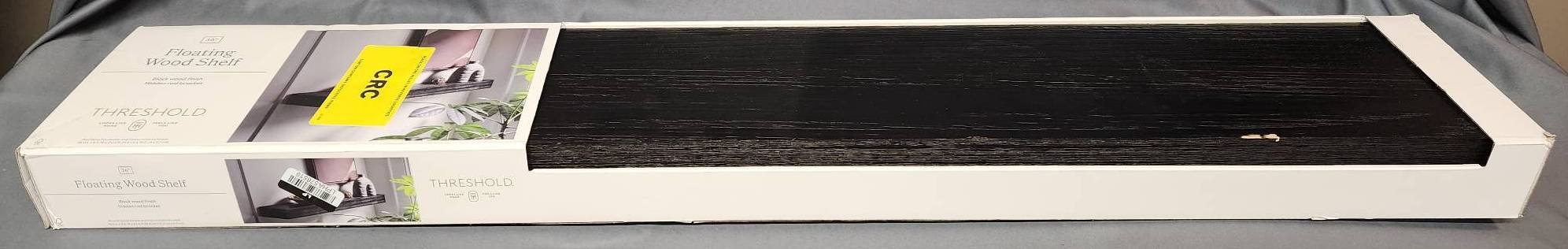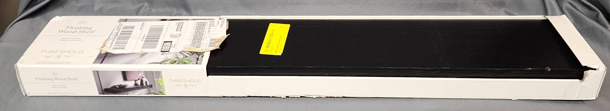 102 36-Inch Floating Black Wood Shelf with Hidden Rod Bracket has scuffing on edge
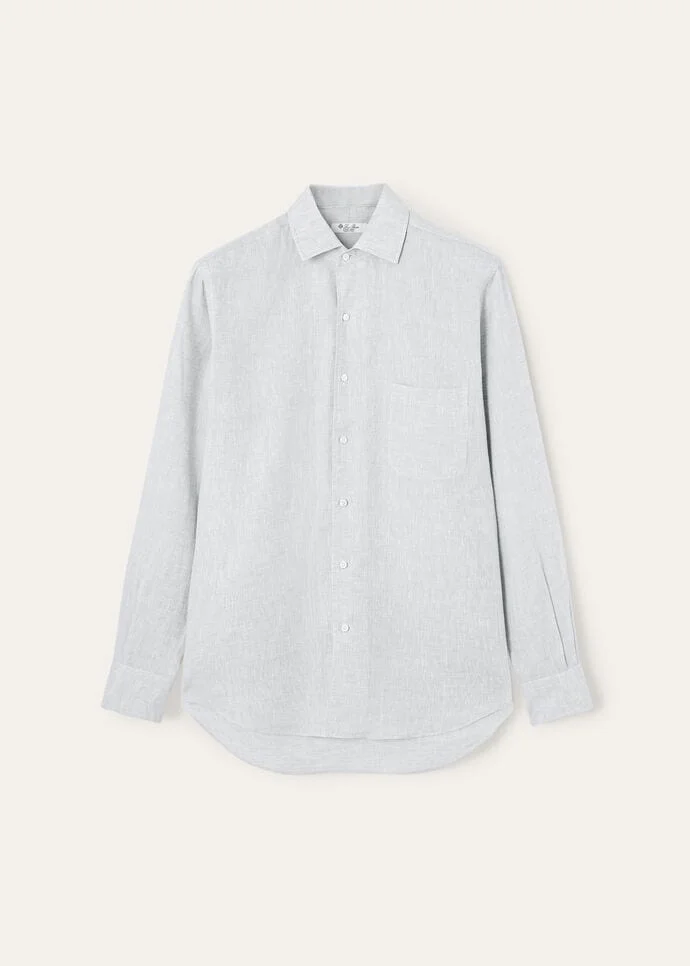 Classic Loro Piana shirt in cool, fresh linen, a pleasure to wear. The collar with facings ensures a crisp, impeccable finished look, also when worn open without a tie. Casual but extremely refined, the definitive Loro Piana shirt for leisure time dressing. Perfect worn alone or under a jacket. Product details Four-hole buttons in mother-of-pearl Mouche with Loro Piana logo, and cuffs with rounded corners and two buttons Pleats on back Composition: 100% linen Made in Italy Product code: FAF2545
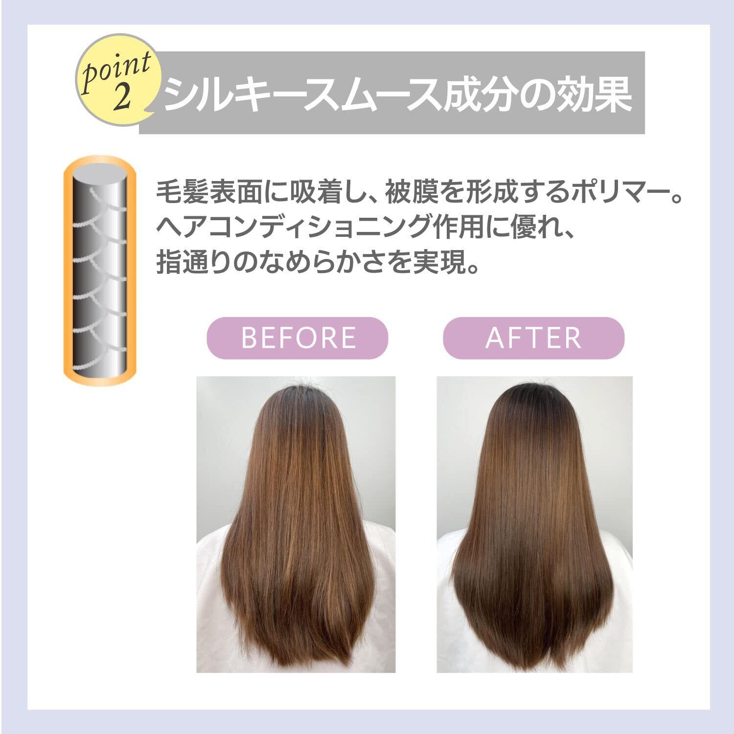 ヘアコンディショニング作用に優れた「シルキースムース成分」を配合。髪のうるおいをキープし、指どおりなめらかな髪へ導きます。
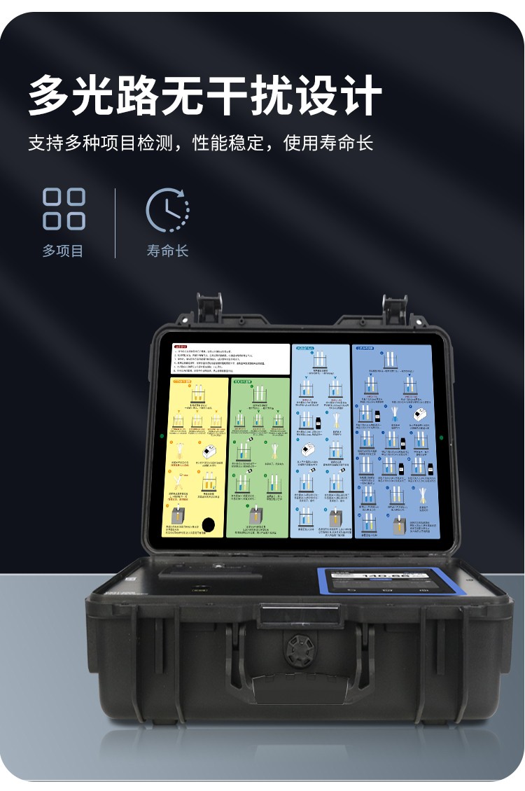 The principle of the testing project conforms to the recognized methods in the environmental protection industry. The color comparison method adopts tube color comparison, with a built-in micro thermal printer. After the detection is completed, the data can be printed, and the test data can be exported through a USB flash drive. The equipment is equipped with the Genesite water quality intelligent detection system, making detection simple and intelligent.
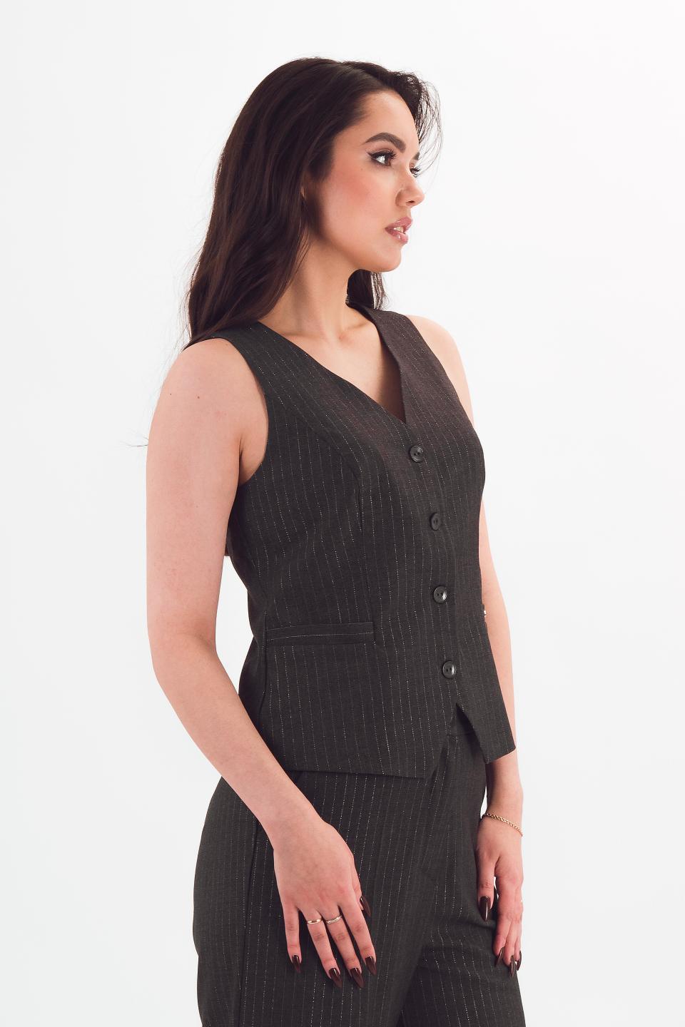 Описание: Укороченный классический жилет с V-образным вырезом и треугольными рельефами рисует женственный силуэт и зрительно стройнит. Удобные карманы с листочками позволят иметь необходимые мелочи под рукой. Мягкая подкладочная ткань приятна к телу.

- - -

**What to work on**
Please repeat every line from the listing above exactly as it appears. Drop the pictures.

**Answer to this problem**
 102 36-Inch Floating Black Wood Shelf with Hidden Rod Bracket has scuffing on edge
 Classic Loro Piana shirt in cool, fresh linen, a pleasure to wear. The collar with facings ensures a crisp, impeccable finished look, also when worn open without a tie. Casual but extremely refined, the definitive Loro Piana shirt for leisure time dressing. Perfect worn alone or under a jacket. Product details Four-hole buttons in mother-of-pearl Mouche with Loro Piana logo, and cuffs with rounded corners and two buttons Pleats on back Composition: 100% linen Made in Italy Product code: FAF2545
 ヘアコンディショニング作用に優れた「シルキースムース成分」を配合。髪のうるおいをキープし、指どおりなめらかな髪へ導きます。
 The principle of the testing project conforms to the recognized methods in the environmental protection industry. The color comparison method adopts tube color comparison, with a built-in micro thermal printer. After the detection is completed, the data can be printed, and the test data can be exported through a USB flash drive. The equipment is equipped with the Genesite water quality intelligent detection system, making detection simple and intelligent.
 Описание: Укороченный классический жилет с V-образным вырезом и треугольными рельефами рисует женственный силуэт и зрительно стройнит. Удобные карманы с листочками позволят иметь необходимые мелочи под рукой. Мягкая подкладочная ткань приятна к телу.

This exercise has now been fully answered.